In geval van arterioveneuze malformaties, intracerebrale bloedingen, herseninfarcten
en hersentumoren, met risico op epileptische aanvallen, gelden tevens de normen uit
paragrafen 7.5 tot en met 7.6.4
Voor de beoordeling van de geschiktheid van personen met een epileptische aanval of
meerdere epileptische aanvallen in de voorgeschiedenis is een specialistisch rapport,
opgesteld door een neuroloog, vereist.
Uitzondering: personen die vijf jaar aanvalsvrij zijn, ongeacht anti-epileptische
medicatie, volstaat voor groep 1 een aantekening van de keurend arts.
Aan het gebruik van een rijbewijs van groep 1 door personen met één of meerdere epileptische
aanvallen in de voorgeschiedenis moeten vanwege een verhoogd risico op een verkeersongeval
extra eisen worden gesteld. Personen die voldoen aan de hieronder gestelde eisen van
groep 1, maar niet tevens voldoen aan de hieronder gestelde eisen van groep 2, zijn
permanent ongeschikt voor beroepsmatig vervoer van personen of het onder toezicht
doen besturen van derden.
7.2.1 Eerste epileptische aanval
-
a. groep 1: Personen met een eerste epileptische aanval zijn ongeschikt voor rijbewijzen
van groep 1 tot zes maanden na de aanval.
Een uitzondering kan worden gemaakt als is voldaan aan één van de onderstaande voorwaarden:
-
– een eerste niet-geprovoceerde epileptische aanval zonder ‘epileptiforme afwijkingen’
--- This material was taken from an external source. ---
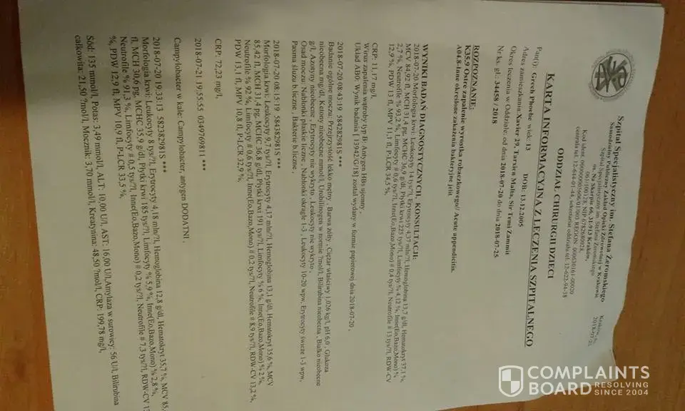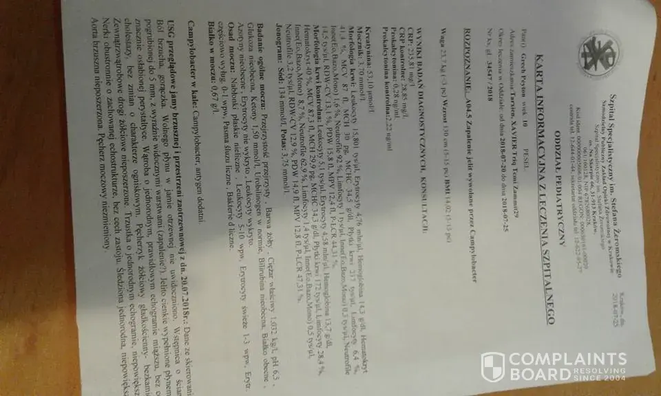 3 days after on thursday 19th july late evening, both of them was admitted to zeromski hospital in krakow with high fever and abdomen pain. Several tests were taken and the results was that they had campylobacter jejuni... Food poison caused from chicken. My eldest daughter was weaker the her sister because she had ate all her 3 pcs of chicken and she needed to be operated as well cause the bacteria has inflammated her appendix :- (we lost our flight on saturday 21st as the girls were till in hospital for treatment and very weak. My husband and I ended up sleeping at hospital with the luggages as were were then without accomodation (homeless) as our apartment was booked till saturday 21st. The girls were out of hospital on wednesday 25th july afternoon and fortunately we found a hotel until our flight back to malta. It wasn't east to find an acomodation and a flight back as it was peak season. I have all the documents from hospital and even the sanity report. Your chicken has riuned our 1st family holiday as it was my daughters first time abroad and they were really looking forward. We ended up staying 2weeks in krakow instead of 1week and most of it we were in hospital or recovering in the hotel. We flew back to malta last saturday 28th july and the girls are still weak to ejoy their summer holidays or even swim this summer. My eldest daughter will have a big mark on her tummy for the rest of her life. I would like a compensation for all this cause it's not fair. Kfc should be responsible for his food espacially when it comes from chicken.in krakow there are so many kfc's and I really hope no other patients were sick like my daughters. It's really scary cause it could have been fatal! You should take your responsability regarding this issue. I'm sorry to say but I would never trust your chicken again... It was a real nightmare have 2 kids dead sick in 2 different wards and far away from you home country. Attached you will find some photos of the hospital documents that show that both girls had camplobacter after eating kfc chicken. Wiating for your reply.

op het standaard EEG (gemaakt na de aanval) en zonder voor epilepsie relevante afwijkingen
op de MRI-scan van de hersenen: ongeschikt tot drie maanden na de aanval;
-
– een eerste geprovoceerde epileptische aanval: individueel door de neuroloog te beoordelen,
maar ongeschikt tot tenminste drie maanden na de aanval, mede afhankelijk van de oorzaak
van de aanval;
-
– een eerste epileptische aanval bij een progressief neurologische aandoening: individueel
door de neuroloog te beoordelen, maar ongeschikt tot tenminste zes maanden na de aanval.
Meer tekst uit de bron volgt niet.